In Loving Memory of all those who were lost, and in Honor of those who worked so hard to rescue and help the missing, trapped, and injured....
(this is a very touching memorial video)
Where were YOU when the attacks happened?
Sept. 11, 2001. I was 21 years old, my daughter, "Miss Zee", was 2. We were living in Texas, I was a waitress at the local Denny's. I was in a relationship, but it was going nowhere fast. I was unhappy and knew it wouldn't last. We were just waking up, I didn't have a tv, so we had no idea what had happened. My x husband called me, and I was irritated to hear his voice. He said "They bombed the World Trade Center". I laughed. Yes, I laughed, I am ashamed to admit it, but I didn't know what he was talking about. I was still half asleep, could't figure out who "They" were, and didn't know what he meant by "World Trade Center." I guess I was always kinda shut off from society in some way, because I honestly did not know that the Twin Towers were called "The World Trade Center". So I figured my x husband was telling me about something that had happened in another country. Because stuff like that happens in other countries, but not here. So I was like, "Umm, okay. Why are you calling me? I just woke up." As if my x-husband didn't already think I was a cold-hearted bitch. He says, "No, I mean it, they bombed the World Trade Center." My blonde moment continued...."Where is that?"

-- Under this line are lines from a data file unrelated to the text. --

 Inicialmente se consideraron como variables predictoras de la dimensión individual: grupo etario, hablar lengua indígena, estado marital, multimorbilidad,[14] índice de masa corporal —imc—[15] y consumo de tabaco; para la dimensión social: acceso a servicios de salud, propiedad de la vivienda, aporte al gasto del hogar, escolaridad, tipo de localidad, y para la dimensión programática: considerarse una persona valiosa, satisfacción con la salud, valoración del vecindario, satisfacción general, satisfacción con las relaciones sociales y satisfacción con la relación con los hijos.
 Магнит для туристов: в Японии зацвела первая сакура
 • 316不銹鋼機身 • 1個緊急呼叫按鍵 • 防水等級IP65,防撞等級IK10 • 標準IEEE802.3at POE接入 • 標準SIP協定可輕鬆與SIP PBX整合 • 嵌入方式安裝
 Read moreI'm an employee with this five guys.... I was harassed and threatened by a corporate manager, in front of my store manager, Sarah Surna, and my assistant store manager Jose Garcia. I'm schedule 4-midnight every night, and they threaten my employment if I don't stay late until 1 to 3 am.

"New York! The Twin Towers! It's on the TV! COME OVER HERE!"
Everything stopped. I went cold. The rest of the day was cold. The rest of the day was in slow motion. Nothing that I cared about before really seemed to matter.... I forgot about how unsatisfying my relationship was. I forgot about how much I hated my x-husband. I forgot about how annoying my job was. Watching the towers fall again and again on TV, listening to them explain what happened as they figured it out. Hearing the words "Al Queida" and "Taliban" for the first time. Confusion. Fear. Looking up at the sky, wondering if more would die today. Looking up at the sky, and wondering if we are going to war, if the war would be on American turf. Wondering how much our lives would change, how much our country would change. Frozen in time, tears and words stuck in my throat; neither came out for a long time.

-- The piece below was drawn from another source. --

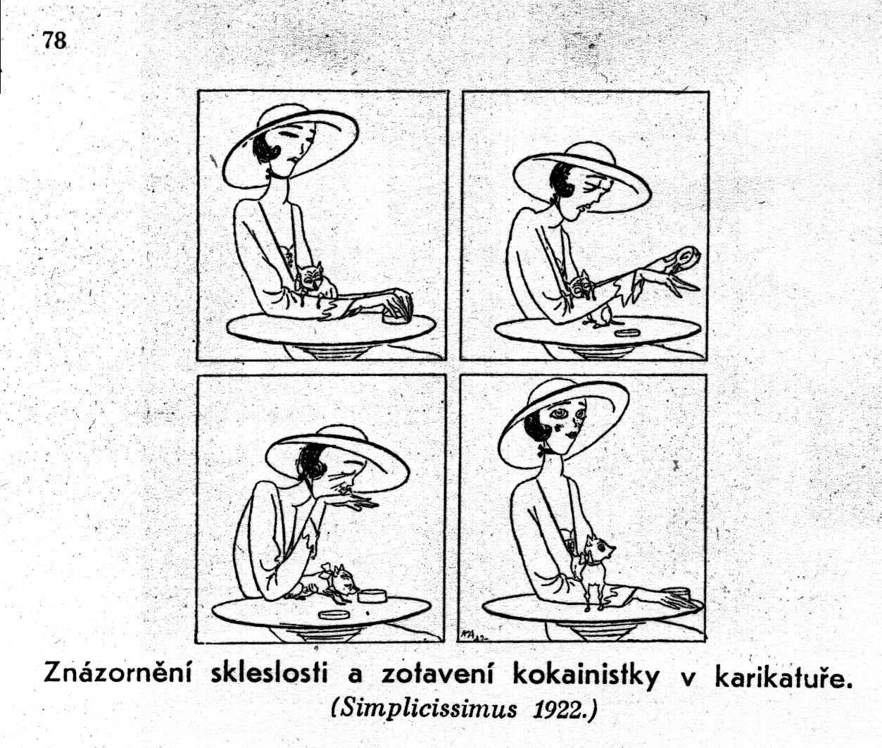 Dobová karikatura: znázornění skleslosti a zotavení kokainistky
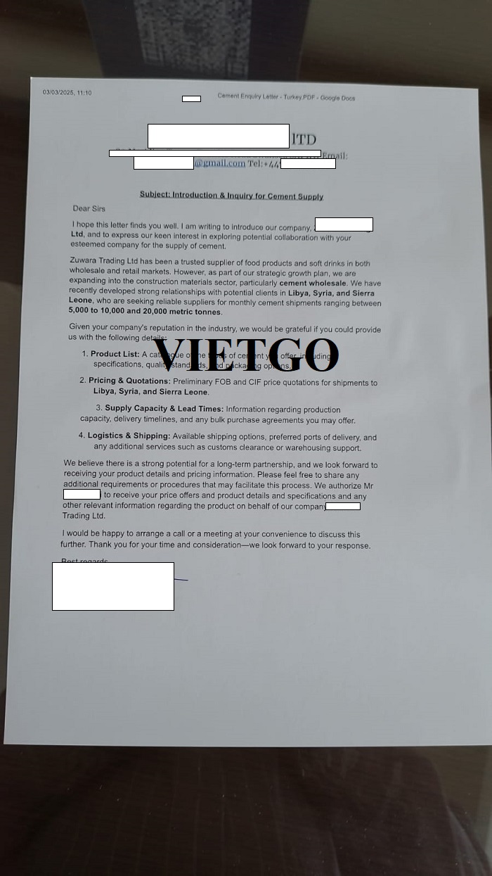 Ông Terzi – đại diện công ty ██████████ vừa qua đã liên hệ với VIETGO trao đổi về mong muốn tìm kiếm nhà cung cấp cho đơn hàng nhập khẩu xi măng sang thị trường Syria để phục vụ cho hoạt động kinh doanh của mình.

A few days later, my boyfriend and I broke up. He took his car and drove back to Oklahoma. I wasn't upset. It had been over before he left. It had been over before the towers fell. I somehow felt like the timing was symbolic. America had been shaken awake by a catastrophe, and was now stronger, more alert, more aware of it's priorities as a nation, and ready to rebuild. I felt the same way. I didn't want to waste any more time on trivial relationships. I had gone thru so much in the previous two years, and I felt like I was finally ready to take my life seriously again, to start building something meaningful rather than just playing in the rubble and ashes. Ironically enough, I began dating again a week later. September 18. We have been together ever since. We ended up getting married in 2003, and having two more kids together. Over the past 8 years, America has had to make a lot of choices, change, move forward, and grow up. So have I.